– Теперь я уважаю его. Я ценю то, что он делает, и зачем он это делает, – он выключил фонарик и открыл для меня дверь.
– Твоя мама привела бы тебя сюда посмотреть на небо, и твои проблемы решились бы?
Он тихо рассмеялся.
– Так говорил Бен. Говорил, что нет ничего лучше вида вселенной, чтобы проблемы стали пустяками.
– Я слышу в твоем голосе сомнения?
– Это тон «я знаю лучше по своему опыту», – Кэллам помахал женщине за стойкой и провел меня внутрь. Тут было темно, и я приблизилась к Кэлламу. – Бен старался помочь мне, но вид звезд или мысли о вселенной не делали мои проблемы меньше или не такими значительными. Они были того же размера, когда я выходил отсюда.
– Тогда почему ты возвращался? – спросила я, он замер за огромным телескопом.
– Потому что это отвлекало от мыслей, – тут же ответил он. – Давало сосредоточиться на другом, хоть уходил я отсюда с теми же проблемами, но они не казались такими невыполнимыми. Я мог с ними справиться.
Я не ждала, что он так откроется. Это становилось трендом с Кэлламом. Одну минуту он был самым закрытым в мире, а потом мог выложить все.
– И ты полюбил звезды, – я смотрела на него, а он глядел в телескоп, настраивая его.
– Потом – да, – он поправил еще немного и поманил меня. Хоть было темно, его глаза сияли. Я видела его в своей стихии летом, но не так. Если это не был пыл, то я не знала, что тогда видела.
– Значит, это место сыграло незначительную роль в твоей жизни? – я улыбнулась ему, подходя к телескопу.
– Совсем незначительную, – он отошел, чтобы я могла посмотреть.
Я собрала волосы на плече, закрыла глаз и склонилась, чтобы посмотреть в глазок. Я могла смотреть на звезды, планеты и луну. Проблемы от их размера не пропадали, но, как и сказал Кэллам, они не казались такими поглощающими. Такими сильными.
Чем дольше я смотрела, тем сильнее себя ощущала.
– Понимаю, – шепнула я через минуту, казалось, что вся вселенная глядела на меня в ответ.
Кэллам шагнул ближе.
– Я знал, что ты поймешь.
СЕМНАДЦАТЬ
– От миллиона звезд к миллиону вкусов мороженого, – я постукивала по подбородку, пока в десятый раз шла мимо длинной витрины. Может, их был не миллион, но близко.
– Это естественно, как по мне, – Кэллам уже выбрал, но ждал меня. Он уже ждал пять минут. К счастью, было поздно, и в «Апокалипсисе мороженого» не было людно, иначе я бы испытывала на прочность терпение клиентов за мной.

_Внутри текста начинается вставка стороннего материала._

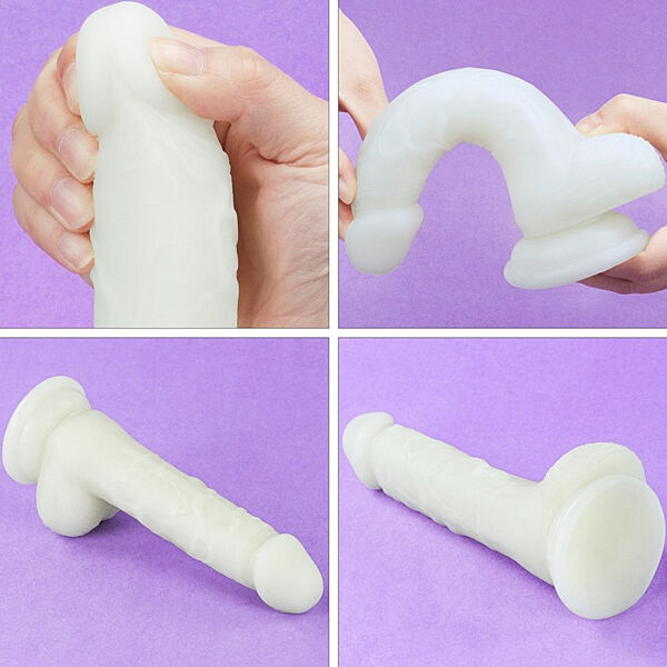 Фалоімітатор Lumino Play - унікальна іграшка для яскравих нічних задоволень. Його головна перевага - здатність світитися в темряві, завдяки чому кожна гра стає по-справжньому незабутньою. Цей фалоімітатор наповнений нетоксичним світловим порошком, який випромінює ніжне блакитне світіння, створюючи особливу атмосферу в темряві.Виготовлений із безпечного для тіла платинового силікону, Lumino Play підходить для вагінальної та анальної стимуляції. Його реалістична текстура з прожилками забезпечує посилені тактильні відчуття, а м´якість і гнучкість матеріалу роблять використання комфортним і приємним. Міцна основа з присоскою забезпечує надійну фіксацію на будь-якій гладкій поверхні, а також сумісність з ременями для різноманітних ігор.

– Какое у тебя любимое? – спросила я еще раз, но стоило понимать. Он уже молчал в ответ, а потом посоветовал слушаться себя, выбирая среди вкусов, о которых я не слышала раньше. Клубника и базилик? Бекон и кленовый сироп? Лимон и мята? Васаби и лайм? – Какой вкус наименее популярный? – спросила я у продавщицы, что ходила за витриной следом за мной. В одиннадцатый раз. Я ощущала, как ее терпение лопается с каждым шагом.
– Тартар из тунца, – сухо сказала она, замерев у ведерка мороженого, которое я не взяла бы из–за серого цвета. Желудок сжался.
– А самый популярный?
Кэллам вздохнул у кассы, и я услышала в другом конце магазина.
– Ваниль и лаванда, – ответила она, сделав голос еще суше.
– Если возьмешь что–то с ванилью, я тебе это не забуду, – сказал он.
– Ты говорил слушаться себя.
– Если тебе хочется заказать ваниль в месте, что зовется «Апокалипсис мороженого», то тебе нужно проверить голову.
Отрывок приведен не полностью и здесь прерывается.